什么算法用来删除重复? [英] What algorithm to use to delete duplicates?

查看:145
本文介绍了什么算法用来删除重复?的处理方法,对大家解决问题具有一定的参考价值,需要的朋友们下面随着小编来一起学习吧!

问题描述

假设我们有一些文件,名为,例如,a.txt中。我们知道,有一些重复的元素。 a.txt中比内存大的非常大,十次以上,也许各地50GB。有时,乙的大小大约等于A的大小,有时会许多的倍A的尺寸小 让它有这样的结构:

Imagine that we have some file, called, for example, "A.txt". We know that there are some duplicate elements. "A.txt" is very big, more than ten times bigger than memory, maybe around 50GB. Sometimes, size of B will be approximately equal to size of A, sometimes it will be many times smaller than size of A. Let it have structure like that:

a 1
b 2
c 445
a 1

我们需要得到的文件B.txt,不会有这样的重复。作为例子,应该是这样的:

We need to get file "B.txt", that will not have such duplicates. As example, it should be this:

a 1
b 2
c 445

我想过算法,复制并执行B,然后把B中第一个字符串,并寻找每一个,如果发现相同,删除重复项。然后把第二个字符串,等等。

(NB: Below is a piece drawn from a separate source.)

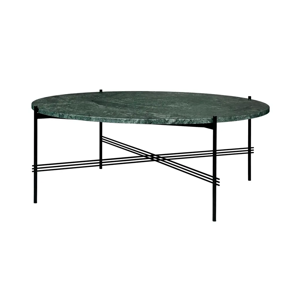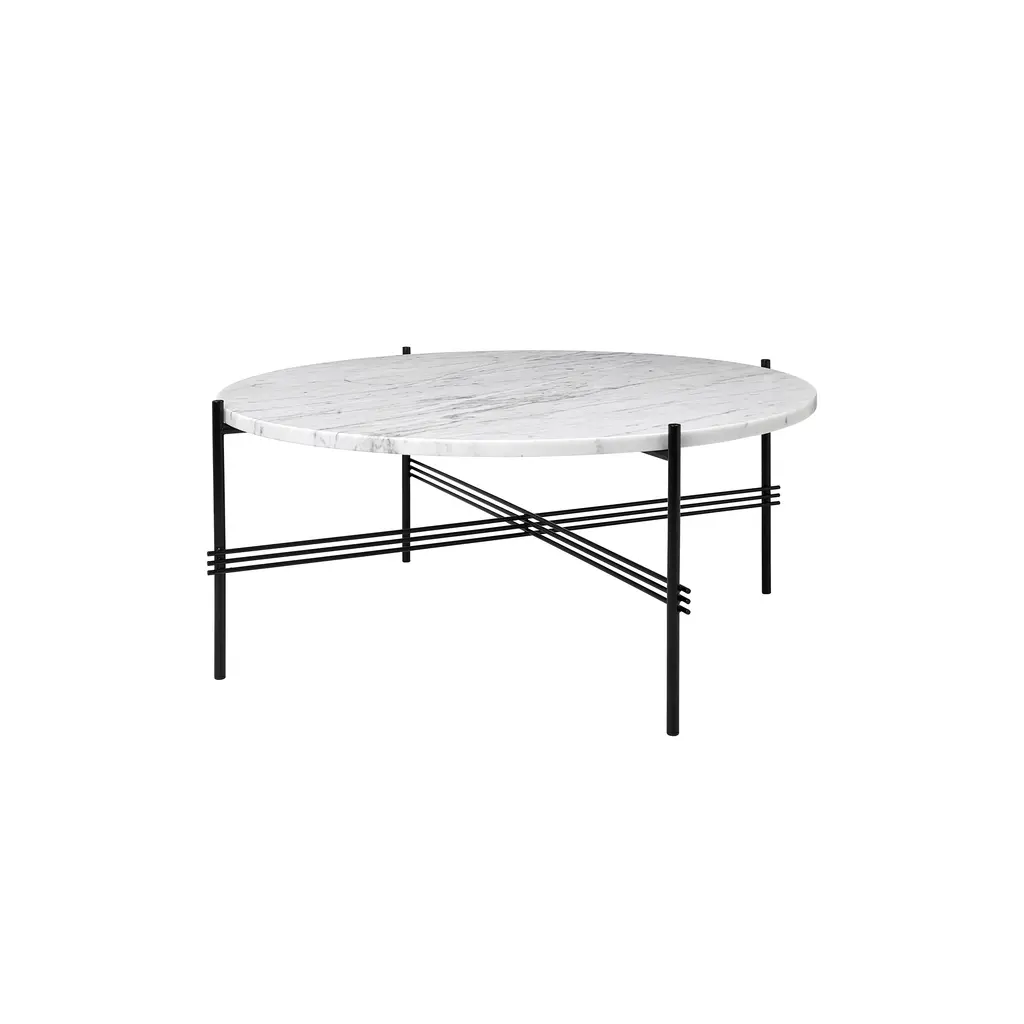 TS Round Coffee Table is a series of 3 occasional tables, each with a signature steel base of intersecting planes. Design partners GamFratesi took inspiration from a 1930s building in Copenhagen for the design framework in either black or brass finish and topped with a lavish marble round in a range of hues. A large TS might be placed in front of a sofa while a smaller version is perfect next to a chair—or mix different sizes in a customized cluster.

I thought about algorithm that copy A and does B, then takes first string in B, and look for each another, if finds the same, deletes duplicates. Then takes second string, etc.

但我认为这是办法太慢。我可以使用哪些?

But I think it is way too slow. What can I use?

A是的不可以数据库!没有SQL,请。

A is not database! No SQL, please.

抱歉,但这并不表示,排序就可以了。

Sorry, that didn't said, sorting is OK.

虽然可以进行排序,那么如果它不能进行排序?

推荐答案

假设你能适应 1 / K '个文件到内存中,仍然有余地工作数据结构。整个文件可以在 K 或更少的通行证,如下进行处理,而这具有比排序整个文件取决于线路长和排序算法快得多的机会常数。排序平均为O(n LN N)和下面的过程是 O(KN)最坏的情况。例如,如果平均行10个字符,并有n = 5G线, LN(N)〜22.3 。此外,如果你的输出文件 B 大于输入文件 A 小很多,这个过程很可能只需要一或两遍。

Suppose you can fit 1/k'th of the file into memory and still have room for working data structures. The whole file can be processed in k or fewer passes, as below, and this has a chance of being much faster than sorting the whole file depending on line lengths and sort-algorithm constants. Sorting averages O(n ln n) and the process below is O(k n) worst case. For example, if lines average 10 characters and there are n = 5G lines, ln(n) ~ 22.3. In addition, if your output file B is much smaller than the input file A, the process probably will take only one or two passes.

流程:

  1. 分配几兆字节的输入缓冲区我,几GB的结果缓冲区R和一个千兆字节左右的哈希表H.打开输入文件F和输出文件O操作。
  2. 重复:选自F填充我并处理成R,通过第3步
  3. 对于每一个线L的我,检查是否L是已经在H和R.如果是这样,进入下一个L,否则添加左至右和哈希小时。
  4. 当R是满的,说以M项,将其写入O.然后反复选自F填补我,dedup在第3步,并写入O.在EOF(F)到5。
  5. 在重复(使用旧的O输入F和输出一个新的O):从F请登录M行复制到O.然后负载R和H步骤2和3,并复制到EOF(F)与dedup像之前一样。集合M的非dupped线在每个O文件的开头的新号码。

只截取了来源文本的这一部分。